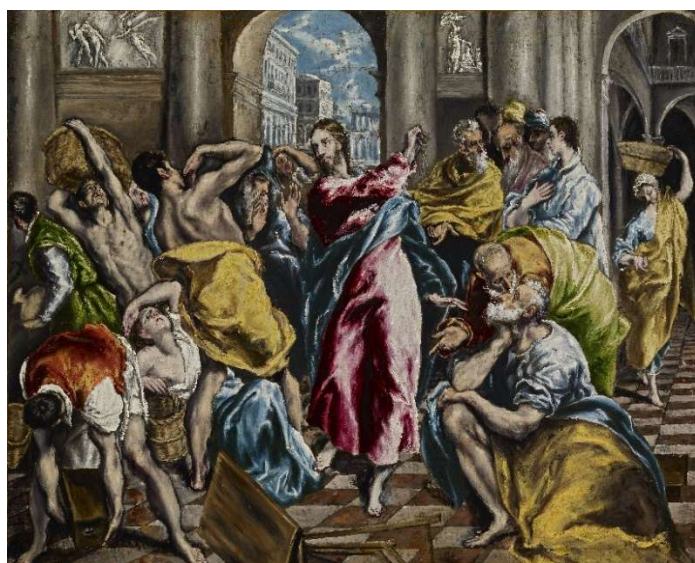
El Greco, Christus jaagt de handelaren de tempel uit, 1571-1576
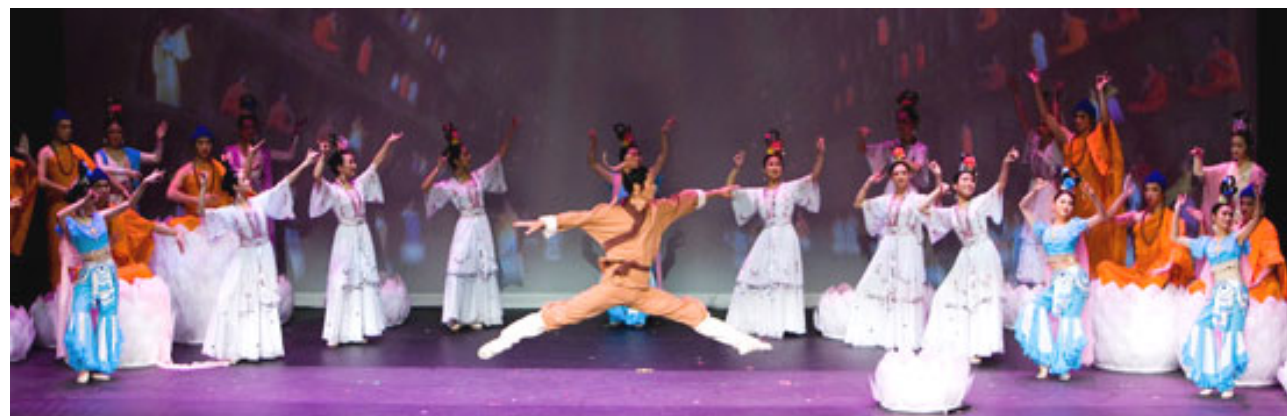
《造像》：讲述了莫高窟「千佛洞」的由来
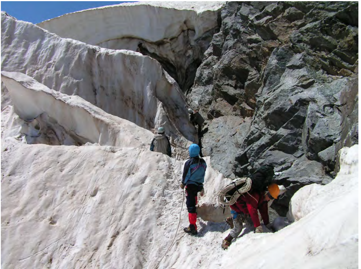
перехід через лівобережні ранткльофти Каракайського льдоспаду
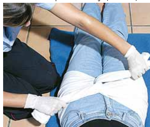
Placer le drap non roulé sous le bassin, au niveau des grands trochanters. S'assurer avant de serrer qu'aucun objet ne se trouve dans les poches. Serrer autour du bassin en respectant les rapports anatomiques. Bloquer le serrage par un noeud ou des pinces.
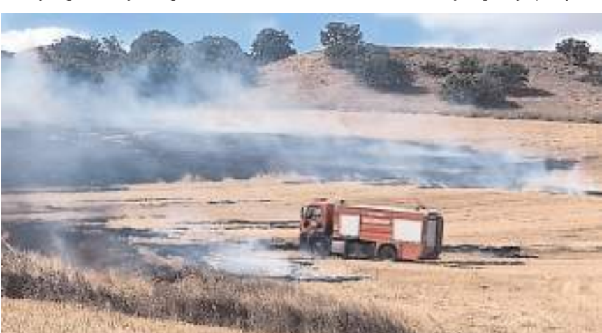
Anız yangınları itfaiyenin müdahalesi ile büyümeden söndürüldü.

Alaca'da son 2 ayda meydana gelen yaklaşık 400 anız yangını itfaiye ekipleri tarafından söndürüldü.
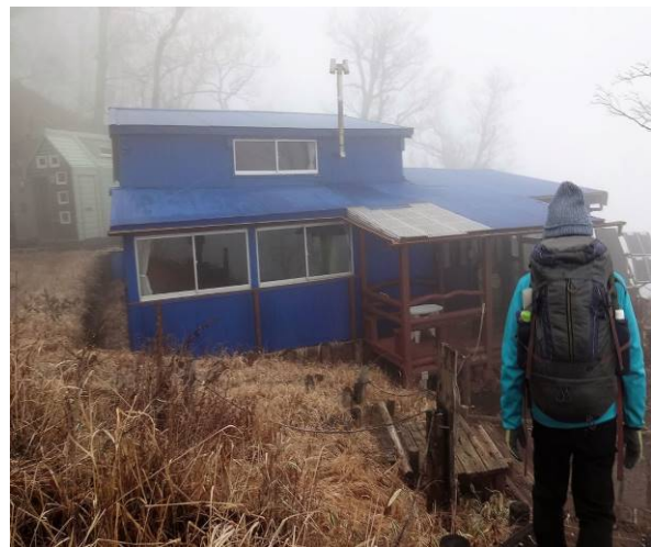
今夜泊まる青ヶ岳山荘に到着
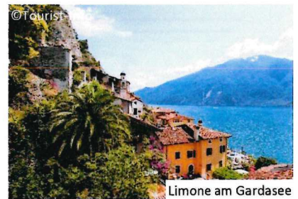
Limone am Gardasee

Nach dem Frühstück erfolgt die Rückreise im 1. Klasse-Sonderzug AKE-RHEINGOLD ab Steinach am Brenner nach Berlin.

= = =

◆ Try it: Which lines of the listing contain the string "söndürüldü"? Copy every one of them.

◆ Result of the task:
Anız yangınları itfaiyenin müdahalesi ile büyümeden söndürüldü.
Alaca'da son 2 ayda meydana gelen yaklaşık 400 anız yangını itfaiye ekipleri tarafından söndürüldü.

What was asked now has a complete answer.